With the holidays upon us, and the election going on hold, it’s bonus time for Bay Street CEOs of both the Liberal and Conservative persuasion.
But it’s bogus time for too many of us. The National Anti-Poverty Organization (NAPO), estimates that 4.7 million Canadians live in poverty today, including one in six children (15.6 per cent). More than 50 per cent of female lone parents are poor.
Ed Broadbent, the veteran NDP MP, retires from Parliament next month. He’ll leave public life disappointed that successive Liberal governments have failed to adopt a real poverty reduction strategy. Despite all-party agreement to his 1989 resolution to end child poverty by the year 2000, his dream to see child poverty ended in Canada remains just that – a dream.
The growing gap between rich and poor is also a racialized one, and politicians have known this for years. Much higher rates of poverty face Aboriginal peoples, recent immigrants and persons with disabilities. An estimated 1.2 million youth are living in poverty and are in danger of falling into a life-long poverty trap.
The gap between rich and poor is increasing yet the Liberals or the Conservatives refuse to tackle it.
We need a multi-faceted comprehensive strategy to end poverty in Canada. Such a strategy would improve the lives of marginalized groups by setting the federal minimum wage at $10 an hour and indexing it to the cost of living.
It would improve the EI system by reducing qualifying hours to 360 and increasing benefits. It would provide targeted employment and training programs for marginalized youth. It would increase the Canada Social Transfer to $10 billion over the next three years supported by accountability and welfare rights legislation. It would also reduce students’ fees for post-secondary education.
We need to make poverty history both domestically and internationally. Canada’s overseas development assistance funding is still below par in comparison to many European countries.

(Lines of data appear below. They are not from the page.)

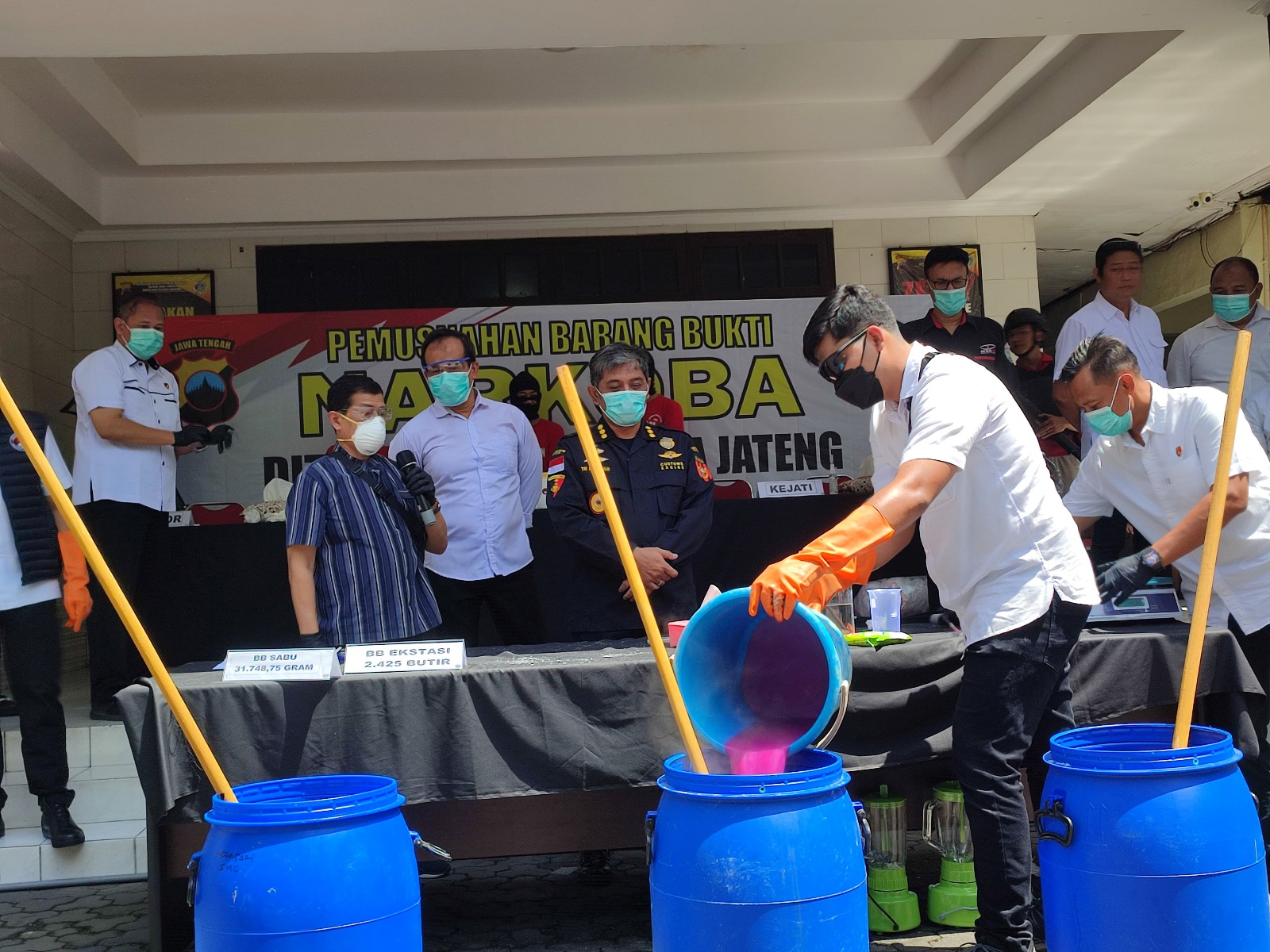 BeritaWonogiri.com [KOTA SEMARANG] – Direktorat Reserse Narkoba Polda Jawa Tengah memusnahkan barang bukti narkotika seberat 31,75 kilogram (kg) dan 2.425 butir ekstasi. Barang bukti tersebut berasal dari 3 kasus berbeda yang melibatkan empat orang tersangka.
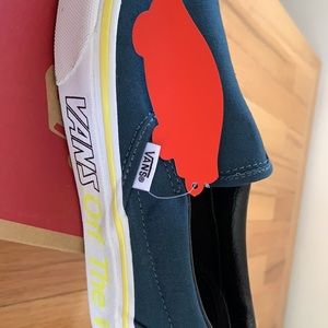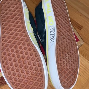 NIB slip on Vans green/blue with neon yellow writing. Women’s size 6.5
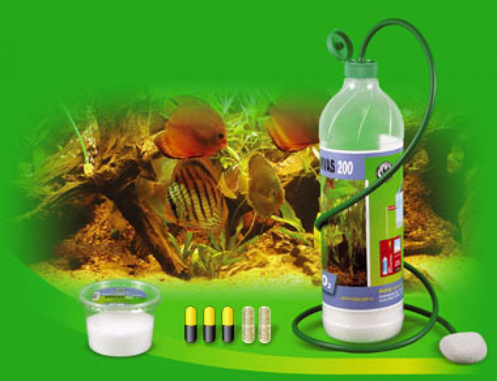 Plastovou láhev, která již obsahuje živnou sůl, naplníme po rysku vlažnou VODOVODNÍ vodou a přidáme 2 červené kapsle s mikroorganizmy. Dávku aktivátoru stanovíme orientačně následujícím způsobem: Na uzávěr nasadíme hadičku a naplněnou láhev dobře utáhneme. Láhev potom umístíme tak, aby byla nad hladinou vody v akváriu a při teplotě asi 22-25 stupňů. Menší teplota by zpomalila nebo zastavila biologický proces, naopak při větší teplotě by kvašení bylo natolik intenzivní, že by se během několika dnů spotřebovala zásoba živné soli. Těmto podmínkám nejlépe vyhovuje umístění na krycím skle v blízkosti světel. Jejich provoz zajišťuje přes den optimální teplotu. V noci, kdy se nesvítí se sníží teplota a to zpomalí žádoucím způsobem i produkci CO2. Délku hadičky přizpůsobíme tak, aby kamének, který upevníme na její konec dosáhl až na dno akvária. Tak dosáhneme toho, že bublinky CO2 unikající z kaménku budou muset překonat maximální výšku vodního sloupce a budou se ve vodě co nejvíce rozpouštět. Tím je zařízení připraveno k činnosti. V láhvi se zatím rozbíhá biologický kvasný proces, čímž vzniká CO2. O jeho průběhu se můžeme přesvědčit pohledem přes průhlednou stěnu láhve. Nejpozději do 24 hodin by mělo dojít k přetlaku CO2 a jeho probublávání přes kamének v akváriu. Pokud k tomu nedojde zkontrolujte těsnost uzávěru lahve nebo vyměňte kamének. Intenzitu procesu je nutno zpočátku kontrolovat a vyladit. A to tak, že si změříme UT vody testem Karbon a pH vody testem Akvin. Z Tillmanovy tabulky potom zjistíme, zda je CO2 v akváriu dostatek. Pokud ne, optimalizujeme činnost filtru, jak bylo popsáno výše a přidáme 1-2 kapsle aktivátoru podle velikosti odchylky pH od doporučené hodnoty. Takto “zaběhnutý“ proces by měl probíhat 7-14 dnů. Jakmile zjistíme, že produkce CO2 výrazně ustává, je nutno obsah lahve vylít, láhev dobře vypláchnout pouze čistou vodou a kvasnou kulturu založit znovu. Náhradní náplně zakoupíte v odborném obchodě.

The Martin Liberals have yet to reach the target of 0.7 per cent of gross national income (GNI), a commitment that was first made many years ago. The Canadian Council for International Cooperation reminded the government of its committment [PDF download] to a 15 per cent increase in aid until the year 2015, which would bring Canada to the 0.7 per cent target.
The NDP budget bill in the spring of 2005 added $250 million in development assistance for the 2006/07 year. The federal government would only have to add an extra $5 million next year and $300 million in 2007/08 to get on track. This is a fraction of the amounts promised in corporate tax cuts (another bonus for Bay Street).
The Liberals’ record on poverty is clear. They keep it going. And the Conservatives’ policies would only increase it. If either party were actually inclined to resolve to make poverty history, let’s hope it is a resolution that would be kept.
Supposedly, the spirit of the season is one of giving. Time then for the Liberals to give a damn about poverty, or for voters to give them the boot on Jan. 23.